(Task statement) Leave out every picture and set down, exactly, the lines below from the one holding "近日,由吉林省教育厅指导、吉" up to and including the one holding "The biostimulant is".

══ Provided entries ══

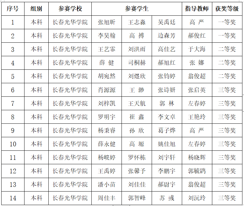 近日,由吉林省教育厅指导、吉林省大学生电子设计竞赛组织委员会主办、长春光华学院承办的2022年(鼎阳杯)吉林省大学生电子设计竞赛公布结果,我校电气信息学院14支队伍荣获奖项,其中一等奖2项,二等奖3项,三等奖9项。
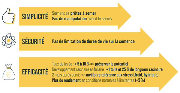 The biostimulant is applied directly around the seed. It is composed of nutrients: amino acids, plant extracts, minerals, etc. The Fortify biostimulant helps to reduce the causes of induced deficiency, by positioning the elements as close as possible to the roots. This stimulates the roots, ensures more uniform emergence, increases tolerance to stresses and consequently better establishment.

═══
══ Provided entries ══

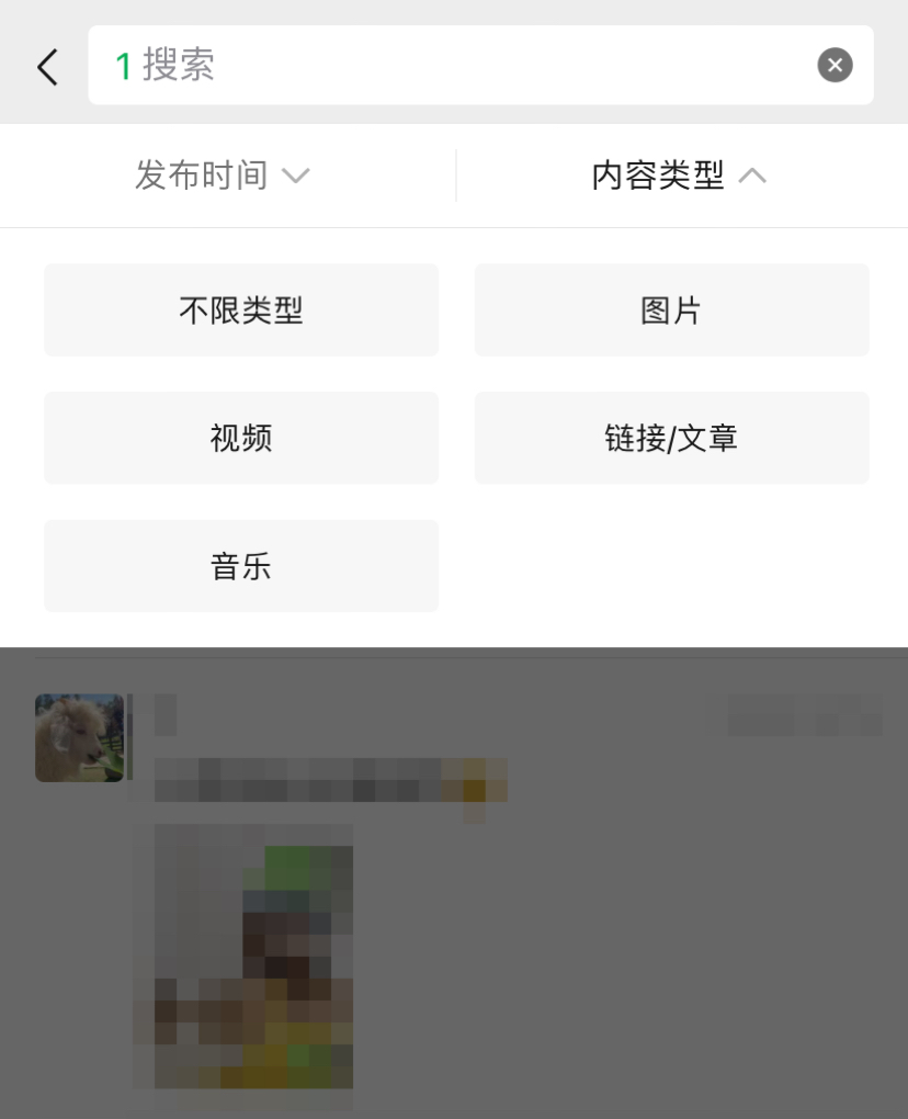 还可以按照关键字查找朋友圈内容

═══

(Task solution)
 近日,由吉林省教育厅指导、吉林省大学生电子设计竞赛组织委员会主办、长春光华学院承办的2022年(鼎阳杯)吉林省大学生电子设计竞赛公布结果,我校电气信息学院14支队伍荣获奖项,其中一等奖2项,二等奖3项,三等奖9项。
 The biostimulant is applied directly around the seed. It is composed of nutrients: amino acids, plant extracts, minerals, etc. The Fortify biostimulant helps to reduce the causes of induced deficiency, by positioning the elements as close as possible to the roots. This stimulates the roots, ensures more uniform emergence, increases tolerance to stresses and consequently better establishment.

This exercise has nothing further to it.